To train minGPT on direct dataset with single-node training, run the following on 1 node with 4 GPUs:

torchrun --nproc_per_node=4 train.py\
 --file ${DATA_DIR}\
 --folder ${TASK}\
 --output_dir ${OUTPUT_DIR}\
 --maxlen ${MAXLEN}\
 --maxdata ${MAXDATA}\
 --vocab ${VOCAB_SIZE}\
 --num_range ${NUM_RANGE}\
 --weight_decay 0.01\
 --learning_rate 1e-4\
 --drop 0.1\
 --batch_size 128\
 --epoch 100\
 --warmup 5\
 --dmodel 256\
 --head 4\
 --num_layer ${LAYER}
  • Here folder should be one of the followings: arithmetic, equation, LIS or ED.
  • maxdata always equals to maxlen in direct dataset.
  • The effective batch size is 128 (batch_size per gpu) * 4 (gpus per node) = 512.

The numbers of MAXLEN, VOCAB_SIZE and NUM_RANGE are listed in the following table.

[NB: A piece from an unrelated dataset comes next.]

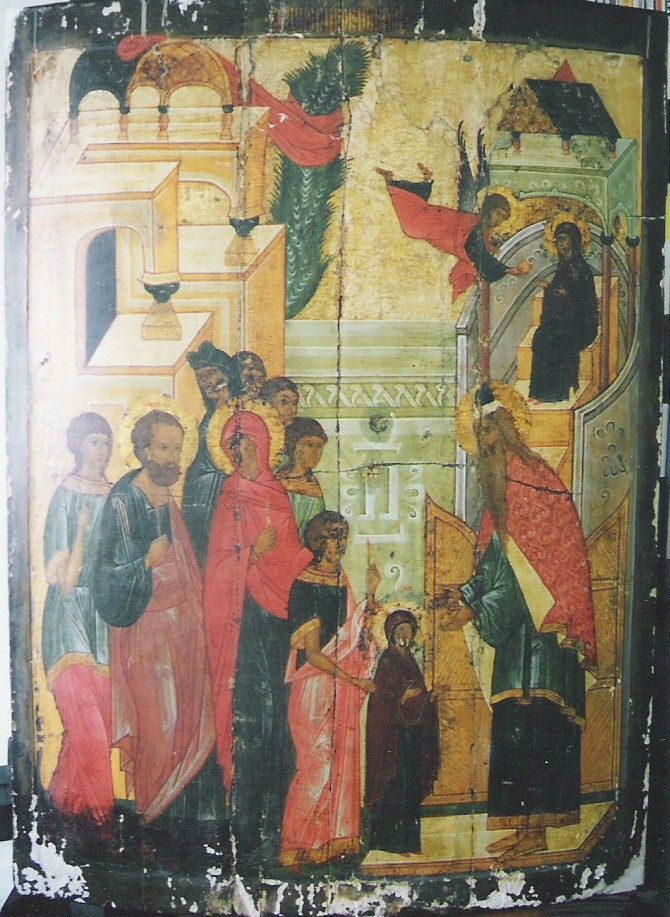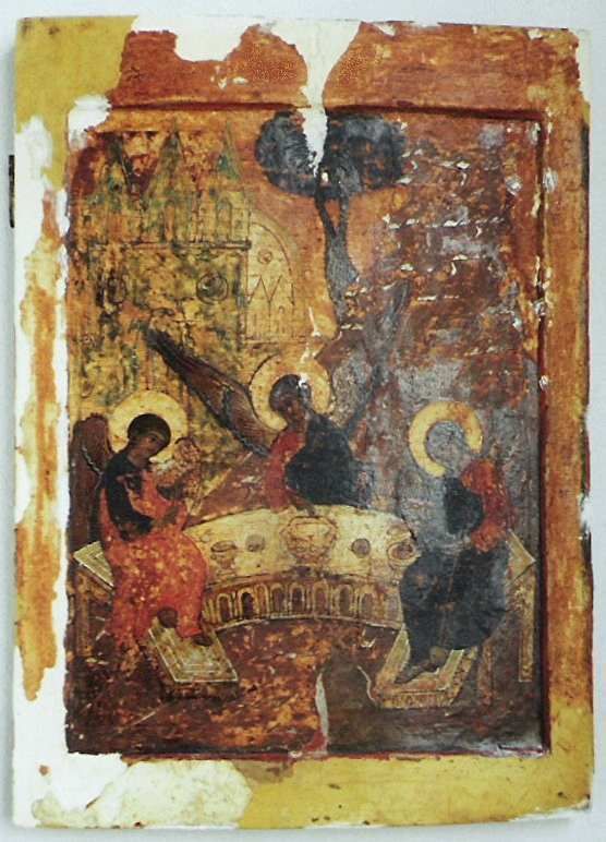 Russischer Ikonenmaler nach Andriej Rublow, 17. Jh. "Die Hl. Dreifaltigkeit". Eitempera auf Holz. Zustand vor der Restaurierung (Spuren vorangegangener Restaurierungsversuche; großflächige alte Kittungen; Malschicht sehr stark verputzt).

Dataset MAXLEN VOCAB_SIZE NUM_RANGE
Arithmetic_len4 19 21 11
Arithmetic_len5 23 21 11
Arithmetic_len6 27 21 11
Equation_len3 46 22 11
Equation_len4 73 22 11
Equation_len5 106 22 11
LIS_len50 54 253 250
LIS_len80 84 253 250
LIS_len100 104 253 250
ED_len12 31 91 60
ED_len16 39 91 60
ED_len20 47 91 60

To train minGPT on CoT dataset, run the following on 1 node with 4 GPUs:

torchrun --nproc_per_node=4 train.py\
 --file ${DATA_DIR}\
 --folder ${TASK}\
 --output_dir ${OUTPUT_DIR}\
 --maxlen ${MAXLEN}\
 --maxdata ${MAXDATA}\
 --vocab ${VOCAB_SIZE}\
 --num_range ${NUM_RANGE}\
 --weight_decay 0.01\
 --learning_rate 1e-4\
 --drop 0.1\
 --batch_size 128\
 --epoch 100\
 --warmup 5\
 --dmodel 256\
 --head 4\
 --num_layer 3\
 --chain
  • maxdata always equals to maxlen in CoT dataset.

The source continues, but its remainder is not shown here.